O toucinho que estava aqui



Não é de hoje: políticos e uso do dinheiro público sempre tiveram uma relação complicada. E isso sempre rendeu boas histórias.

No início de minha carreira como repórter de Política, no tempo do guaraná com rolha, o recém-empossado governador Franco Montoro decretou uma política de cortes de despesas para servir de exemplo à gastança que tinha sido a gestão de seu antecessor, Paulo Maluf, à frente do Palácio dos Bandeirantes. Para anunciar o regime de austeridade, Montoro --politico correto, por formação-- caiu na tentação de reunir lideranças do então MDB em um almoço para 80, 100 pessoas no Palácio Boa Vista, em Campos do Jordão, com cardápio e carta de vinhos de fazer inveja ao Fasano ou ao DOM, um dinheirão pago pelos cofres de São Paulo. Um repórter mais atento, Flávio Nery, do “Estadão”, percebeu a ironia e fez um dos textos mais demolidores que li em toda minha carreira, descrevendo item a item o cardápio do almoço da austeridade. Um texto primoroso, mostrando a distância que separa, na política, discurso e prática. O pacote de austeridade de Montoro foi para a cucuia ...

Anos depois, lembrei de Nery, um dos melhores jornalistas que conheço e que tive a sorte de ter como professor quando eu ainda dava os primeiros passos em minha carreira.

Fui cobrir um congresso de vereadores, igual a tantos que ainda existem por aí, e, ao invés de ficar de olho nos debates, travados sempre em salas vazias, para meia-dúzia de gatos pingados, resolvi contar as garrafas de uísque vazias recolhidas dos quartos e das áreas comuns. Eram litros e litros de Red Label e Passaport, lançados nas contas das Câmaras. Esse, em Águas de Lindóia, foi um caso, que deve se repetir à exaustão ainda, infelizmente. Talvez só mude a marca do uísque ...

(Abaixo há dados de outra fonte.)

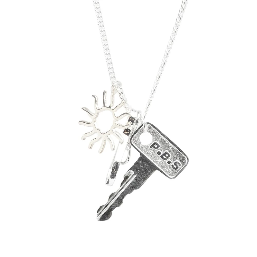 Established in 2006, Canadian brand Pearls Before Swine works with precious metals and pearls to challenge the ways of the fine jewellery industry. The DU pendant necklace features an array of pendants made from a 925 silver. Featuring a key, a sun and a clip the necklace represents the beauty in mundane things.

Esses episódios são, como disse, do tempo do guaraná com rolha. Mas, se o tempo passa, a fixação que muitos políticos têm em enfiar o pé na jaca, não. Não existe barreira. Presidente, Dilma Rousseff desviou um voo official para dar um rolê em Lisboa, com direito a pernoite no luxuoso hotel Ritz, com uma comitiva de 25 pessoas. O que ela fez na capital de Portugal? Esse ainda é um episódio repleto de mistérios e falsos segredos. Há uma semana, o "O Vale" revelou o que chamou de  “farra das viagens” da Câmara de Taubaté, bancada com o dinheiro do contribuinte, em reportagem de Julio Codazzi, editor-executivo do jornal. O caso vai ser investigado pelo Ministério Público. O cerne é o mesmo. Eleitos para o cargo A ou B, muitos políticos agem como se tivessem recebido licença para usufruir de benesses e direitos que não fazem parte do rito da função. Alguns, como Montoro, por inércia (afinal, sempre foi assim). Outros, como os vereadores de Águas de Lindóia, por patifaria mesmo. Mas o pecado é o mesmo: achar que os cofres públicos podem pagar tudo, de um lanchão de 4 quilos, como em Taubaté, a uma diária de hotel R$ 25 mil, no episódio de Dilma.



Podemos reclamar e falar em criar mecanismos que inibam a gastança. 
Aliás, eles já existem. 
Mas, no fim, a culpa é também nossa. Quase sempre votamos e vamos tocar a vida até a próxima eleição, entregando aos políticos a rédea solta da condução do processo. Está errado. Em linhas gerais, não dá para deixar político sozinho. Nem os bons, quanto mais os maus. 

Este artigo foi publicado originalmente no jornal "O Vale"

Comentários

  1. Os vereadores de São Jose dos Campos trocam votos em aprovação de novos impostos e taxas por cargos comissionados,eleitos para fiscalizarem os recursos públicos se omitem,isso também é corrupção.Os gastos com amigos e contratos desnecessários são uma abominação e a sociedade calada assiste e aplaude.Eles temem a apuração a divulgação as criticas.Chega de tantos maus políticos atuando em beneficio próprio que se tornando bajuladores do Executivo,triste. Podemos mudar com o voto esta lamentável historia.